▸ **Provided data**
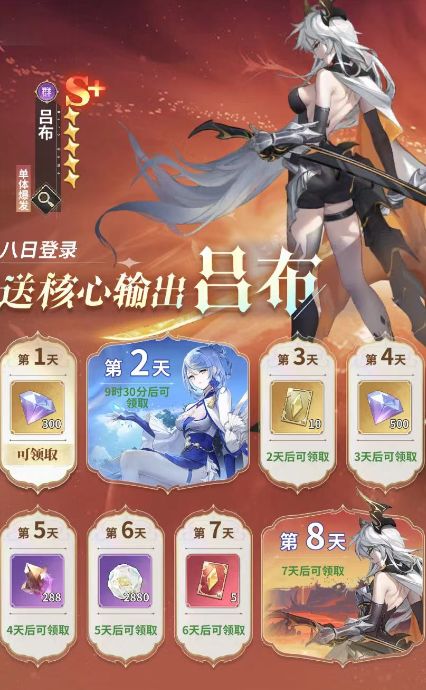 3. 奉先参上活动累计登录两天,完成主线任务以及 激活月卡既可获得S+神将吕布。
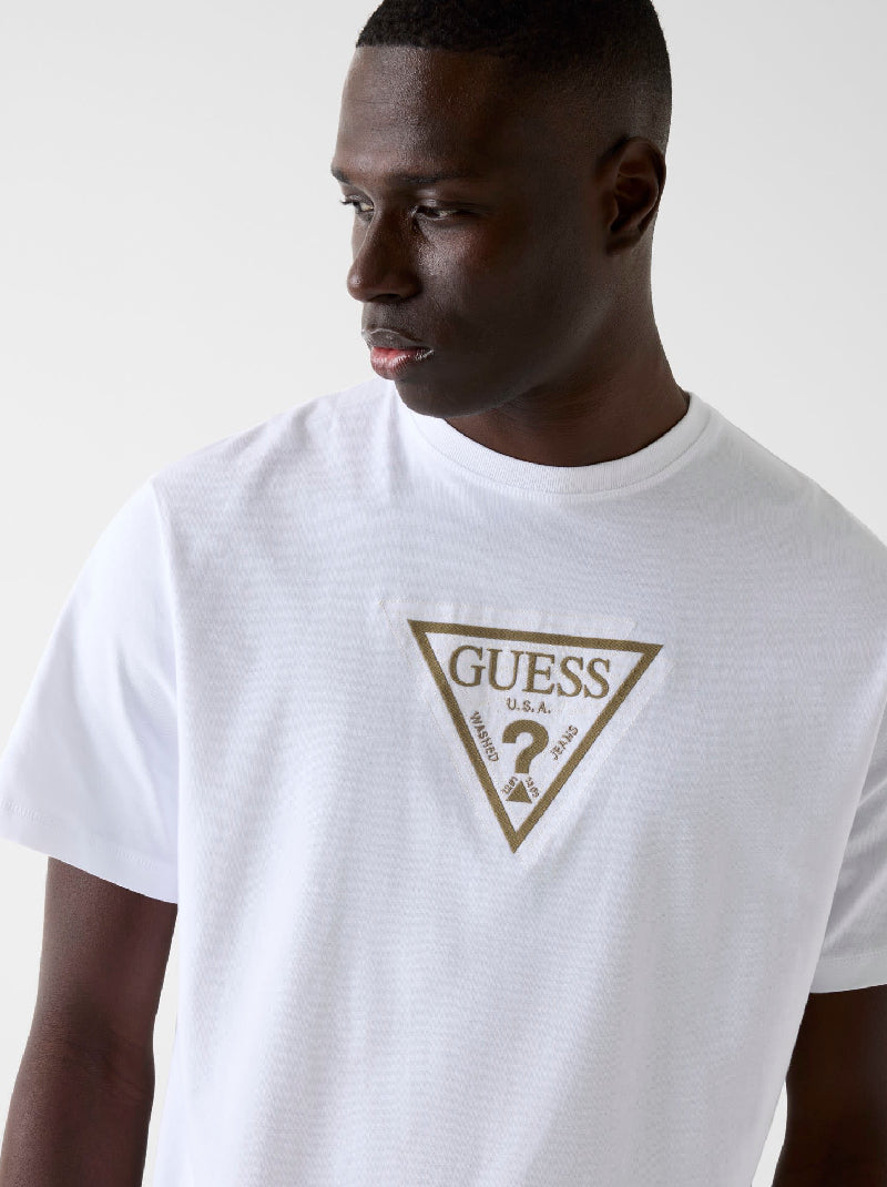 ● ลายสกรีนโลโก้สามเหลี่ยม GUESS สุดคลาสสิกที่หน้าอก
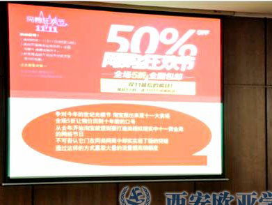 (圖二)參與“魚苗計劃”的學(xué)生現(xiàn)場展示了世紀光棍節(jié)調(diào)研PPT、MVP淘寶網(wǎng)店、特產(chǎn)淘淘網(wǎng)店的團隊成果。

▸ **Exercise directions**
Every line of the listing above is to be repeated exactly, with its pictures left out.

▸ **Answer space**
 3. 奉先参上活动累计登录两天,完成主线任务以及 激活月卡既可获得S+神将吕布。
 ● ลายสกรีนโลโก้สามเหลี่ยม GUESS สุดคลาสสิกที่หน้าอก
 (圖二)參與“魚苗計劃”的學(xué)生現(xiàn)場展示了世紀光棍節(jié)調(diào)研PPT、MVP淘寶網(wǎng)店、特產(chǎn)淘淘網(wǎng)店的團隊成果。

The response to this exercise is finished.